Archeology and Indians
MANY centuries before the dawn of the Christian Era, roving bands of Old World hunters were already crossing the icebound waters of Bering Strait to the uninhabited North American continent. Some of these early groups undoubtedly reached the Southwest, for, in such localities as Folsom, New Mexico, Gypsum Cave, Nevada, and the Lindenmeier site in Colorado, their chipped points and other artifacts have been found in association with the bones of prehistoric bison, camels, sloths, mastodons, and other animals. These early comers did not possess a highly developed culture. They knew the arts of stone chipping and fire making and, possibly, used spears propelled by the atlatl (a notched stick used to increase the velocity of a hurled spear), employed bone awls for piercing and sewing skins, and owned domesticated dogs. They had no pottery or agriculture; nor did they, as far as is known, have any form of permanent habitation other than natural caves.
The earlier inhabitants of Utah were probably a group comparable in most respects with those whose artifacts are found in other parts of the Southwest. So far little information concerning them has come to light. Caves along the shore line of Great Salt Lake's predecessor, Lake Bonneville, have yielded objects the antiquity of which extends back several thousand years, although they were not necessarily left by the first human inhabitants of Utah. Flint points, knives, bone awls, and flint scrapers attest the presence of primitive hunters.

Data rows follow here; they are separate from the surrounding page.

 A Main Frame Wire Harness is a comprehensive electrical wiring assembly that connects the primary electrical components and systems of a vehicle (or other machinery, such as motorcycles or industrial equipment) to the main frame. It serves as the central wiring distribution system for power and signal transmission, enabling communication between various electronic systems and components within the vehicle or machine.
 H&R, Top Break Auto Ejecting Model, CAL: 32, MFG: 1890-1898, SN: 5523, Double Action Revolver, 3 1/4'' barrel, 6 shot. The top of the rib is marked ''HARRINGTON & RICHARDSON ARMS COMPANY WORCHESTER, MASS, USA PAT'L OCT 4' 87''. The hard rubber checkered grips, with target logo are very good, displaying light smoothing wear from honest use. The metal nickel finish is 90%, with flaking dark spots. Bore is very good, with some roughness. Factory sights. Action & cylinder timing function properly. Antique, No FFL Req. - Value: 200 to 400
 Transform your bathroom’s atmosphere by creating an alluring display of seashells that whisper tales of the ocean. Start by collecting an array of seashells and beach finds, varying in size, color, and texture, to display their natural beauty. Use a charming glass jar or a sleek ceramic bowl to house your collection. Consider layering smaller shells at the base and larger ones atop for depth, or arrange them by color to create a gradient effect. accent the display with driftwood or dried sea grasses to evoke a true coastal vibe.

About the time of Christ, the inhabitants of the San Juan, Paria, Virgin, and Kanab river valleys began to raise corn. This marked the beginning of the long development of a culture known as the Anasazi (Navaho, the Ancients), which was distributed over northern Arizona and New Mexico, southwestern Colorado, southern Utah and Nevada, and southeastern California.
Agriculture
SYMBOLICALLY, the first act of the Mormon pioneers, when they entered Great Salt Lake Valley in 1847, was to plow the soil. When plowshares broke in the sun-baked earth, the settlers flooded the land with water from City Creek. The next day they planted potatoes. That was the first farming by white men in Utah. The system of Mormon settlement, in agricultural villages and communities, brought farmers in from their acres each evening, where they could "swap" experiences and theories with their neighbors. This system has not materially changed; Utah farmers in 1940 are still preeminently village dwellers, with social, economic, and religious life centered around communities. There are some 30,000 farms in Utah, about half of which are in the six counties adjacent to Salt Lake City. Because of this concentration, in reach of electrical lines, Utah is fifth in the nation in percentage of farm homes wired for electricity.
Of the total area of the State, only 3.3 per cent is tilled land, and about 1 per cent is dry-farmed. Much more land could be farmed if water were available. Most of the irrigable land was under cultivation at the close of the nineteenth century, and the farms, never large, have since been subdivided among large families. Third and fourth generations today face the problem of making a small farm of 20 acres or less support a family.
Utah soil, like that of other arid States, is exceptionally rich in plant foods--there has never been abundant water to carry away the minerals necessary for plant growth. Some Utah soils are 60 per cent limestone, and with limited rainfall and careful irrigation may never require additional lime.